Leafa was standing in the doorway behind her mother. I was happy that she had witnessed our exchange.

“Mama?” Leafa said.

“Is somebody hurt?” Meredith asked, still watching me.

“No.”

“Can you take care of it?”

“Yeah, I guess.”

“Then go away, baby. I’ll be there in a few minutes.”

Leafa backed out of the room as Meredith sat up straight.

“Why you givin’ this to me?” she asked suspiciously.

“My client is paying,” I said truthfully. “I need to know who Perry’s friends are, and you need the rent. I’ll put you down in my books as an informant.”

It was a logic that she had never encountered before. Nothing in her life had ever had monetary value, just cost or sweat.

“I give you the names of three worthless niggahs and I can keep this here money?”

“The money is yours,” I said. “I just gave it to you. Now I’m asking for those names.”

Leafa appeared again at the doorway. This time she remained silent.

“That don’t make no sense,” Meredith said. She was angry.

“You’re right,” I said. “It’s what they call irrational. But you see, Mrs. Tarr, we, all human beings, just think we’re rational when really we never do anything that makes sense. What sense does it make to throw a poor woman and her kids into the street? What sense does it make for a man to hate me for my accent or my skin color? What sense war or TV shows, guns or Pericles’ dying?”

I got to her with that. Her life, my life, President Johnson’s life in the White House, none of it made any sense. We were all crazy, pretending that our lives were sane.

30

There was a small park down in the center of Watts next to a giant sculpture called the Watts Towers. The gaudy towers were built by a man named Rodia over a period of thirty-three years. He built them from refuse and simple material. It was a whimsical place in a very grim part of town.

The park had a few trees and picnic tables on grass worn thin by hundreds of children’s tramping feet. Meredith Tarr had told me that Timor Reed and Blix Redford were there almost every day, “Drinkin’ gin and wastin’ time.” Pericles would go to visit Tim and Blix once a week or so to share their rotgut and play checkers.

I got there just before noon. There was loud music coming from one house across the street, two teenage lovers playing hooky in order to study the facts of life, and two men of uncertain age sitting across from each other at a redwood picnic table, leaning over a folding paper checkerboard. The board was held together by once clear, now yellowing adhesive tape.

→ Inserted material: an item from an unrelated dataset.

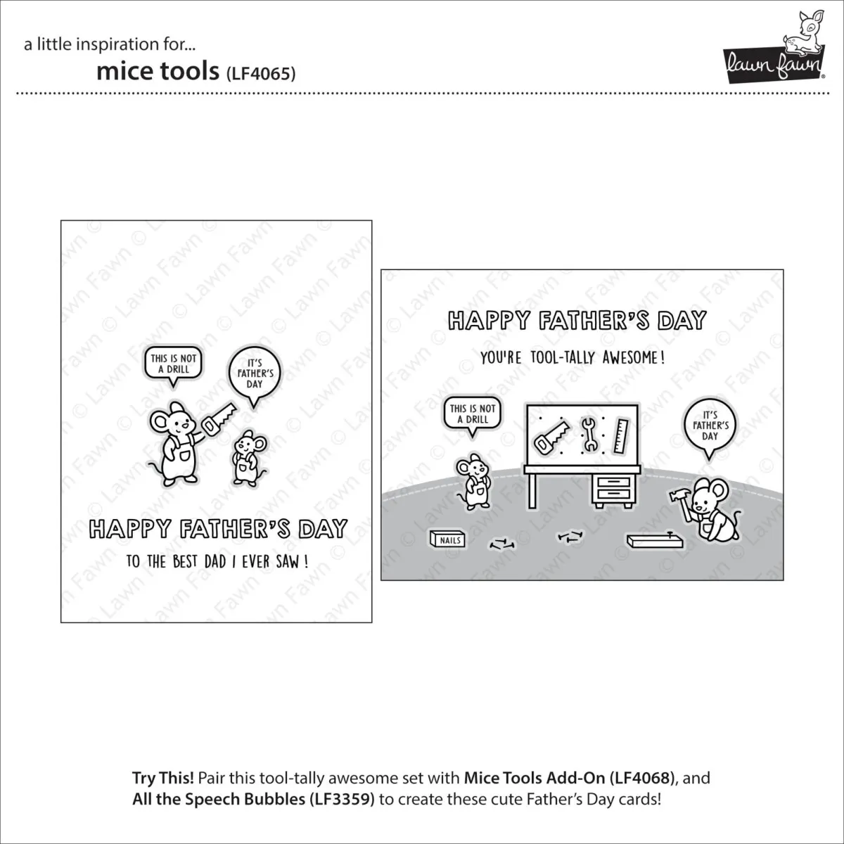 Dieses Set ist eine absolut großartige Wahl für Karten und Projekte zum Vatertag! Es enthält viele geschäftige Mäuse, ihre Werkstatt und Werkzeuge sowie eine Auswahl an super süßen (und vom Papa genehmigten) Sprüchen mit lustigen Wortspielen. Benötigst du noch mehr Details für dein Bauprojekt? Das Mice Tools Add-On bietet eine weitere Maus und tolle Sprüche zum Thema Sägen.

About half of the pieces were light-colored stones with crayon X’s, either red or black, scrawled on top.

Looking at those men and that board, I felt as if I were witnessing the devolution of a culture. The decrepit park, the shabby clothes Blix and Timor wore, even Otis Redding moaning about the dock of the bay on tinny but loud speakers, spoke of a world that was grinding to a halt.

“Mr. Reed. Mr. Redford,” I said to the men.

They looked up at me like two soldiers from vastly disparate battlefields who had died simultaneously and were now sitting in Limbo awaiting the verdict of Valhalla.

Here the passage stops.